Portrait of Erasmus Darwin by Joseph Wright of Derby (1792)

Charles Darwin’s grandfather Erasmus Darwin (1731–1802) wrote poetry about evolution:

Elsewhere I’ve argued that poets such as John Milton and Walt Whitman could be categorised as ‘scientific’. Yet Darwin’s is really a movement of one. Arguments could be made about scientific imagery from Pope to Emily Dickinson, but Darwin’s verse is singular, for nothing comes close to The Botanic Garden and especially The Temple of Nature in how committed the poet is to exploring empirical science.
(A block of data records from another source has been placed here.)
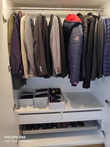 - Usar solo una percha para cada prenda. Cada uno tiene que decidir su propio número de perchas y mantenerlo. Por una prenda que entra otra que sale. Si me compro algo nuevo, tengo que deshacerme de algo.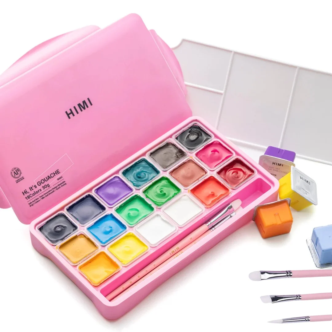HIMI Gouache – set van 18 kleuren x 30gr – in kunststof opbergbox roze + 3 penselen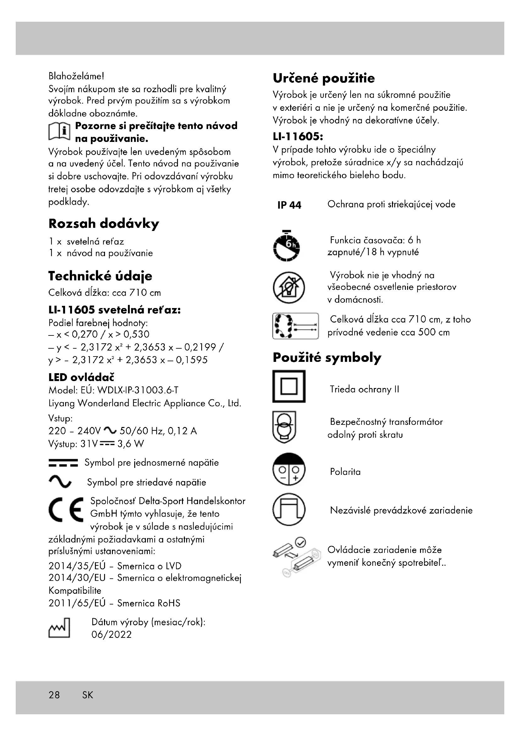 tlačidlo. Skladovanie, čistenie Pri nepoužívaní skladujte výrobok vždy suchý a čistý pri izbovej teplote. Čistite len vlhkou čistiacou handričkou a nakoniec utrite dosucha. Zástrčka sa nesmie počas čistenia namočiť. DÔLEŽITÉ! Výrobok nikdy nečistite ostrými čistia- cimi prostriedkami. Pokyny k likvidácii Vedľa uvedený symbol znázorňuje, že tento prístroj podlieha smernici 2012/19/EÚ. Táto smernica oznamuje, že tento výrobok nesmiete na konci jeho doby používania likvidovať spolu s bežným domácim odpadom, ale ho musíte odovzdať v špeciálne zriadených zberných dvoroch, recyklačných centrách alebo likvidačných prevádzkach. Chráňte životné prostredie a likvidujte odborne. Batérie/akumulátory sa nesmú likvidovať spolu s domovým odpadom. Môžu obsahovať toxické ťažké kovy a podliehajú spracovaniu špeciálne- ho odpadu. Chemické symboly ťažkých kovov sú nasledovné: Cd = kadmium, Hg = ortuť, Pb = olovo. Použité batérie/akumulátory preto odovzdajte v komunálnom zbernom mieste. Ďalšie informácie o možnostiach likvidácie zastaraného prístroja dostanete na svojej obecnej alebo mestskej správe. Prístroj a obal zlikvidujte ekologicky. Obalový materiál (ako napr. fóliové vrecká) uschovajte mimo dosahu detí. Pri triedení odpadu dodržiavajte označenie obalových materiálov, ktoré sú označené skratkami (a) a číslami (b) s nasledujúcim významom: 1 – 7: plasty / 20 – 22: papier a lepenka / 80 – 98: kompo- zitné látky. Výrobok a obalové materiály sú recyklovateľné, likvidujte tieto oddelene pre lepšie spracovanie odpadu. Logo Triman je len pre Francúzsko. Pokyny k záruke a priebehu servisu Výrobok bol vyrobený veľmi starostlivo a pod stálou kontrolou. Na tento výrobok poskytuje DELTA-SPORT HANDELSKONTOR GmbH súk- romným koncovým užívateľom trojročnú záruku odo dňa kúpy (záručná lehota) po splnení nasle- dovných podmienok. Záruka platí len na chyby materiálu a spracovania. Záruka sa netýka dielov, ktoré podliehajú bežnému opotrebeniu a preto ich možno považovať za opotrebiteľné diely (napr. batérie), ako aj krehkých dielov, napr. vypínače, akumulátory alebo diely, ktoré sú vyrobené zo skla. Nároky z tejto záruky zanikajú, keď sa výrobok používal neodborne alebo nesprávne, mimo určenia na používanie alebo určeného rozsahu používania alebo neboli dodržané pokyny návodu na obsluhu, s výnimkou, že koncový uží- vateľ preukáže, že ide o chybu materiálu alebo spracovania, ktorá nebola spôsobená niektorou z hore uvedených okolností. Záruku je možné uplatniť len počas záručnej lehoty po predložení originálu pokladničného dokladu. Originál pokladničného dokladu preto prosím uschovajte. Záručná doba sa kvôli prípadným záručným opravám, zákonnej záruke alebo ako obchodné gesto nepredlžuje. Platí to aj pre vymenené a opravené diely. Pri reklamáciách sa prosím najskôr obráťte na dole uvedenú Service-Hotline alebo sa s nami spojte prostredníctvom e-mailu. Ak sa jedná o záručný prípad, výrobok – podľa našej voľby – bezplatne opravíme, vymeníme alebo vrátime kúpnu cenu. Ďalšie práva zo záruky nevyplý- vajú. Vaše zákonné práva, hlavne nároky na záručné plnenie voči príslušnému predajcovi, nie sú touto zárukou obmedzené. IAN: 414553_2201 Servis Slovensko Tel.: 0850 232001 E-Mail: deltasport@lidl.sk SK31SK Doplňujúce informácie podľa nariadenia 2019/2020/EÚ maximálny výstupný výkon ovládacieho zariadenia 3,6 W Druh svetelného zdroja, pre ktorý je ovládacie zariadenie určené: LED Stupeň účinnosti pri plnom zaťažení 81% Príkon v chode naprázdno (P

Darwin mined not nature for metaphor – nature was the thing itself.

There is an irony that the greatest poetic encapsulation of evolution was written before there was an actual theory of natural selection. Literature anticipates and prepares; it can consider unrealised possibilities. Poetic fantasy prefigures scientific prose. If ever there was an era that required the scientific poetic imagination, it is ours. In an age that needs such healing and wisdom about the natural world, we too need poets who shall rise to the challenge, who can sing a song of evolution, of climate change. In some small but hopeful sense, maybe they can cure the world.Ed Simon, “How Erasmus Darwin’s poetry prophesied evolutionary theory” at Aeon

Erasmus Darwin remains largely unread in an age when he could be read online for free. There must be something amiss with Ed Simon’s assumption that persons of his type can “cure the world.”